Downloadding Ownership data for US listed REITs

Dear Sir/Madam,

 I am a PhD student in the REP department at University of Reading, currently working on a research project that requires historical investor ownership data for European and US-listed Real Estate Investment Trusts (REITs).

Our university provides access to LSEG data, and I have been attempting to use the LSEG Data Library for Python (via Anaconda/Jupyter Notebook) to download this information. I have successfully downloaded all the investor data for European listed REITs, however I can't download the data for US listed REITs. I can't even access the RICs for the US market so I have to import a csv file which I generated for all the RICs to proceed the downloading, while I can use python to get the RICs for the European listed REITs. Also, while I can establish a session and download some financial data, I am encountering persistent and significant issues when trying to retrieve **investor ownership data** for a list of US REITs.

The primary errors I'm encountering, even after extensive troubleshooting (including fetching data for one instrument at a time, adjusting request batch sizes, implementing significant delays between requests, and multiple retries), are network-related and include:

Asynchronous Query library internal error

ReadTimeout('timed out')

[WinError 10054] An existing connection was forcibly closed by the remote host

These errors often point to the LSEG API endpoint `http://localhost:9000/api/udf`, suggesting potential issues with the local LSEG service/proxy or the API endpoint's stability for these specific data requests. Interestingly, I can retrieve some data types for individual US RICs, which suggests my basic API access is functional, but bulk or specific ownership data retrieval is problematic. Content Set : Ownership (Shareholdings)

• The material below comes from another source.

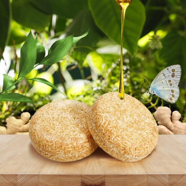 [Ginger] Solid shampoo bar for dry hair, our shampoo bar is made from the finest natural ingredients, including nourishing oils and botanical extracts, plants ingredients and no harsh detergents chemicals, so you can use it with confidence, even with sensitive skin. A natural alternative for liquid shampoo.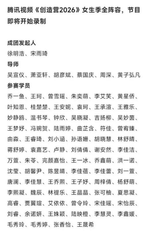 2025年初《声鸣远扬2025》等节目试水成功后,网传《创造营2026》女生季即将启动录制。这份名单迅速点燃社交媒体,吴宣仪、周深等六位导师的配置堪称"王炸"。

I have consulted your LSEG Helpdesk and runned a live session, after several shooting they suspect that this could be a developer level issue, because they have confirm that the code is running.

I have attached the code and the log file for your reference.

Many thanks in advance,

Best regards,

Yusuf Zhang

Answers

  • Jirapongse
    Jirapongse ✭✭✭✭✭

    @Yusuf212122

    Thank you for reaching out to us.

    I checked the log file and found that the problem happens with this request.

    {'Entity': {'E': 'DataGrid_StandardAsync', 'W': {'requests': [{'instruments': ['FRT.N'], 'fields': [{'name': 'TR.INVESTORFULLNAME'}, {'name': 'TR.PCTOFSHARESOUTHELD'}, {'name': 'TR.ADJSHARESHELD'}, {'name': 'TR.INVESTORTYPE'}, {'name': 'TR.INVESTORFULLNAME.DATE'}], 'parameters': {'SDate': '-50Y', 'EDate': '0D'}}]}}}

    It seems you requested data dating back 50 years.

    The library used in the desktop session is not intended for high-volume data requests. If you request large amounts of data, the request may time out.

    I tried the following code to get data dating back 1 week.

    ld.get_data(
        universe=['FRT.N'],
        fields = ['TR.INVESTORFULLNAME','TR.PCTOFSHARESOUTHELD','TR.ADJSHARESHELD','TR.INVESTORTYPE','TR.INVESTORFULLNAME.DATE'],
        parameters = {'SDate':'-1W','EDate':'0D'}
    )
    

    The response contains 12792 rows × 6 columns.

    For more information, please refer to the LSEG Data Library for Python - Reference Guide.

  • Yusuf212122
    Yusuf212122 Newcomer

    Hi Jirapongse,

    Thank you for your reply. I was using the same code to get 50 years of historical ownership data for all the public listed real estate companies in the Europe. My understanding is that the API is supposed to be used to get "large" data. I tried to shorten the duration from 50 years to 5 years, but the problem remains.

    Best regards,

    Yusuf

  • Jirapongse
    Jirapongse ✭✭✭✭✭

    @Yusuf212122

    No, the get_data method is not designed to get large data.

    You may contact your administrator, who can then reach out to the LSEG account or sales team for alternative solutions.

  • Yusuf212122
    Yusuf212122 Newcomer

    The get_data method supposed to be designed to get large data, plus I can get large data for European market via the get_data method, it is clearly a design fault that I can't get the same data for US market.

    Please fix it not try to push the problem away!!!!

  • Jirapongse
    Jirapongse ✭✭✭✭✭

    @Yusuf212122

    I was stated in the document.

    image.png

    If the application requests a lot of data, the server can timeout the request.